Personal information
- Full name: José Javier Cobos Castillo
- Date of birth: 23 April 1968 (age 57)
- Place of birth: Strasbourg, France
- Height: 1.80 m (5 ft 11 in)
- Position(s): Left-back, centre-back

Youth career
- Strasbourg

Senior career*
- Years: Team / Apps / (Gls)
- 1988–1993: Strasbourg / 153 / (10)
- 1993–1996: Paris Saint-Germain / 76 / (1)
- 1996–1998: Espanyol / 54 / (1)
- 1998–1999: Toulouse / 21 / (0)
- 1999–2005: Nice / 171 / (7)
- Total:  / 475 / (19)

Managerial career
- 2005–2007: Nice (assistant)

= José Cobos (footballer) =

French footballer (born 1968)

José Javier Cobos Castillo (born 23 April 1968), known as Cobos, is a French former professional footballer who played as a left-back.

==Career==
Born in Strasbourg, Cobos started playing professionally with hometown club Strasbourg, helping it return to Ligue 1 in 1992. He had already played in the top flight in the 1988–89 season, his official debut coming on 30 July 1988 in a 1–0 away loss against Montpellier.

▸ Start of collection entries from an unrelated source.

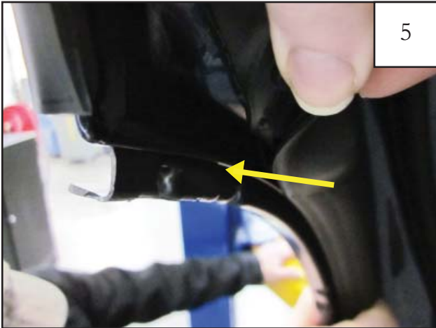
Pull gasket up to expose edge of door. Align Inner Door Piece Indexing Bump with edge of door.
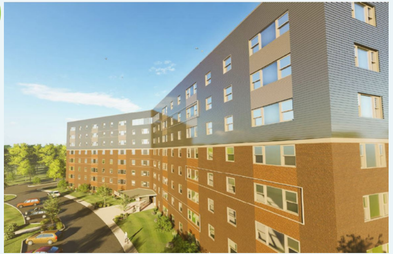
Rendering of proposed facade building wrap that was approved by the city of Cleveland Heights

Plans are now underway for a new facade wrap on the building's exterior. The proposed update is being designed to give the exterior a modern look. If the project is funded, the next step will be new windows with even greater views of University Circle, downtown Cleveland and Lake Erie.
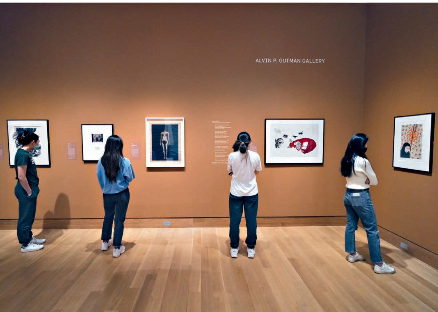
ALVIN P. GUTMAN GALLERY
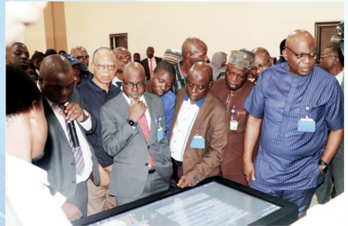
The Vice Chancellor and other members of the management receiving the Dissection Table
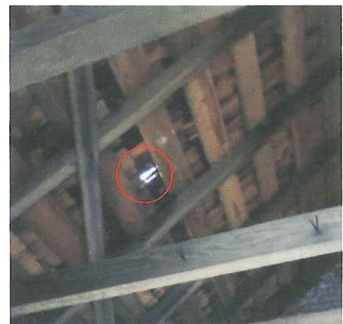
View of the Cook House roof from inside. Middle left side, notice the large hole hidden by a rafter in the previous photo.
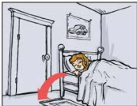
Roll out of bed. DON'T SIT UP.
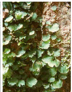
40 Trichomanes punctatum PTERIDOPHYTA
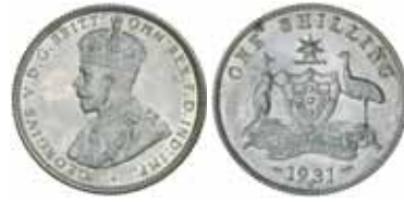
1444* George V, 1931. Uncirculated.
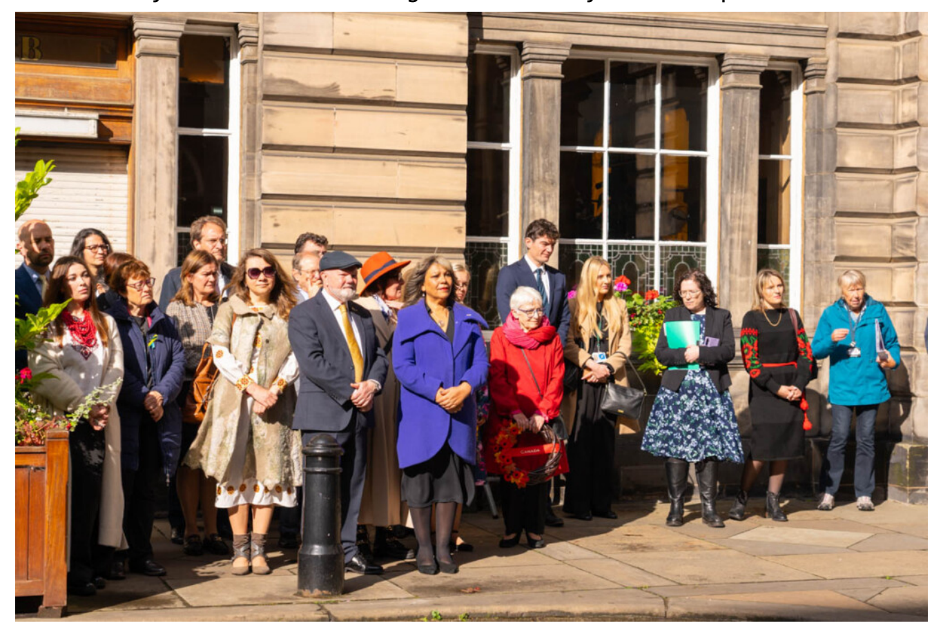
Colin Beattie MSP and Kaukab Stewart MSP Minister for Equalities at the City Chambers marking Ukraine Day of Independence 2024

Some of the consular corps and Ukrainians living in Edinburgh at the City Chambers marking Ukraine Day of Independence 2024
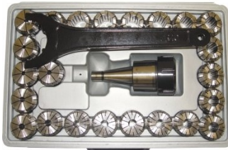
C965 Collet & Chuck Set - 25 Piece
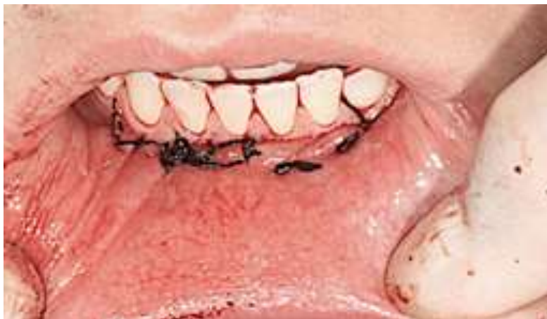
Plate 7. Suture after canine removal.

Afterwards, Cobos spent three-and-a-half years with Paris Saint-Germain, helping with 14 matches as the capital side won the league in 1994 and he was a more important part of the first-team unit in the following season, as they conquered the Coupe de France. Additionally, in the latter season, he played in all the games to help his team reach the last-four in the European Cup. He also helped them win the 1995–96 UEFA Cup Winners' Cup, but he was not part of the squad for the final, and the 1995 Trophée des Champions.

Late into 1996, Cobos moved to the land of his ancestors, signing with Spain's Espanyol and being a regular during his stay. Aged 30, he returned to his country, playing one year with Toulouse then joining Nice, which he helped promote to the top level in his third season by appearing in ten matches – ironically, he would feature significantly more in the following years, with the Côte d'Azur side always maintaining their division status.

After retiring, with French first division totals of 251 games and 13 goals (plus 170 and five in Ligue 2), Cobos continued to work with his last club, serving a two-year spell as assistant coach. In January 2009, two years after leaving Nice, he joined Monaco as its director of football, but only lasted three months in office.

==Personal life==
Cobos' older brother, Vincent, was also a footballer and a defender. He too played mainly for Strasbourg, and the siblings shared teams from 1988 to 1991.